Published:   January 17, 2014
WASHINGTON, DC – In a speech this morning, President Obama addressed the controversy over the National Security Agency's surveillance programs and laid out a number of steps his Administration would take to respond to that controversy.  The following statement responding to the President's speech can be attributed to Kevin Bankston, Policy Director of New America's Open Technology Institute:
 
"We are incredibly thankful that the President recognizes that the government should eventually stop collecting bulk data on innocent Americans, but the key question is, what's next?  If the ultimate alternative to government collection is mandatory bulk data retention by the phone companies or mandatory bulk handover to a third party, the President should be prepared for a major legislative battle with key members of Congress, the technology industry and the privacy community arrayed against him. 
 
Particularly when the President's own review group concluded that the records program is not essential to preventing terrorist attacks, a conclusion bolstered just this past week by a report issued by New America's national security project, the right answer here is to stop the bulk collection completely--not to keep the same bulk data under a different roof."
 
Similarly, President Obama's decision that the FISA court rather than individual NSA analysts should decide what data the NSA can access is an absolutely critical reform, but the key question will be: under exactly what standard?
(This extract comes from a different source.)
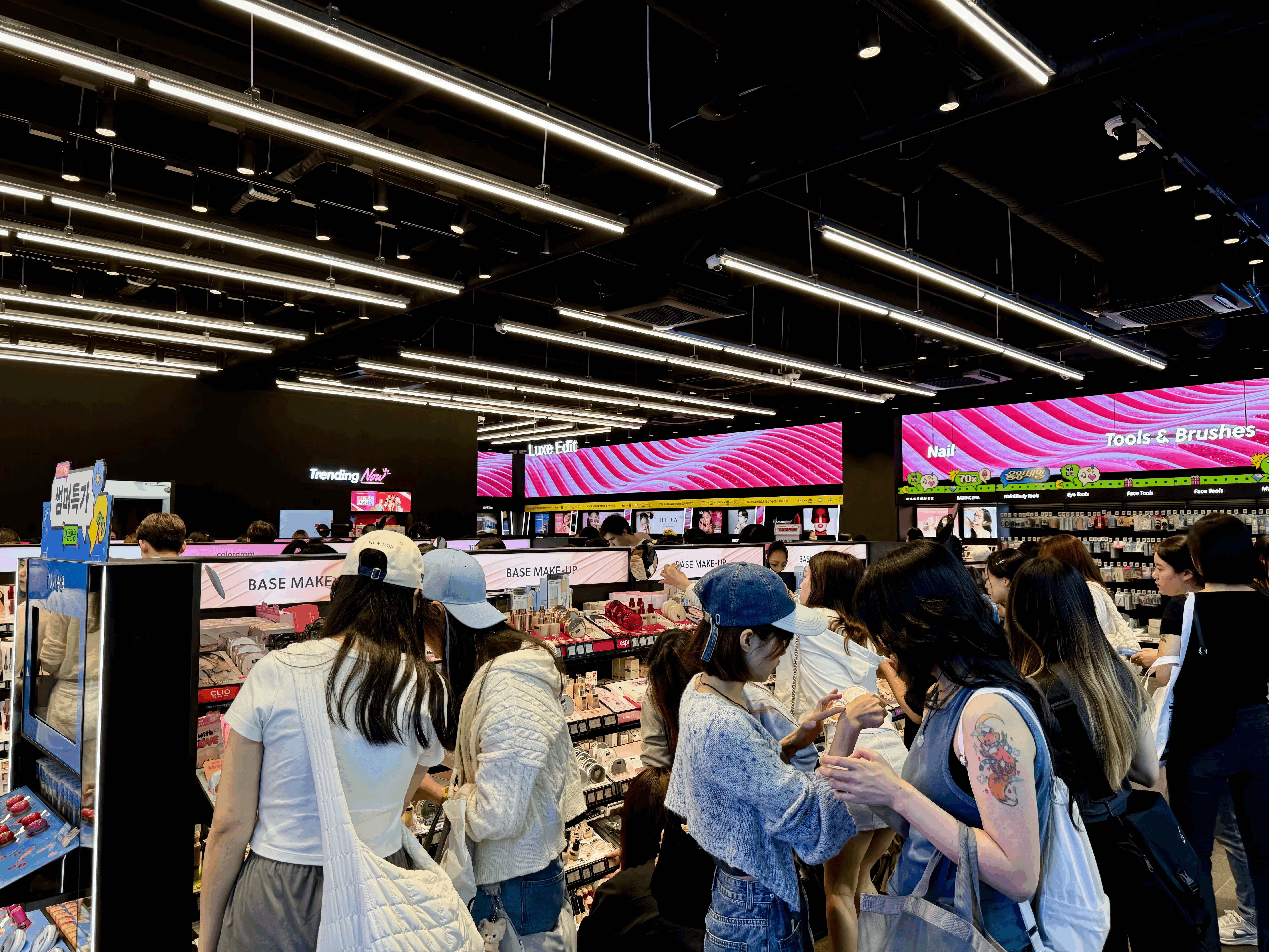 그중에서도 올리브영 홍대타운점은 대표적인 K-뷰티의 성지로, 국내외를 막론하고 다양한 외국인 손님들이 발길을 이끄는 랜드마크 역할을 톡톡히 하고 있었어요.

The current standard that is being used--which the NSA and the FISA court made up out of whole cloth--is woefully inadequate and the closer the standard is to the one proposed under the USA FREEDOM Act reform bill, the better.
 
We are especially pleased that President Obama has responded to the unprecedented coalition of advocates and Internet companies that have demanded greater transparency around what the companies do--and don't do--when the NSA comes calling, and has promised to allow companies to publish more information about government requests for user data.  More transparency reporting by the companies will be an absolutely critical tool in rebuilding the trust in American Internet and telecommunications industries that has been lost. We look forward to working with the Administration on this issue and ensuring that companies--and the government--are as transparent as possible about the scope of the government's access to our telephone and Internet data."
 
The following statement can be attributed to Sascha Meinrath, Director of New America's Open Technology Institute:
 
“Although we're heartened by many of the positive steps that the President outlined today, many key questions and reforms were left unaddressed, and many controversies punted to Congress or to other government officials.  To restore trust in the United States as a responsible steward of the Internet, the President should be acting now and forcefully to take the advice of his own handpicked advisory panel, by immediately ending the NSA's collection of bulk data and supporting strong reforms like those in the USA FREEDOM Act.
 
When it comes to bulk surveillance, the only acceptable path to reform is for companies to only store what they have always stored for their own business purposes, and for the government to only access the data of particular people and organizations based on targeted court orders.  Anything less than that would ultimately be a failure of leadership in this critical moment, and likely would not be a bold enough change to restore the trust that has been lost both here and around the world."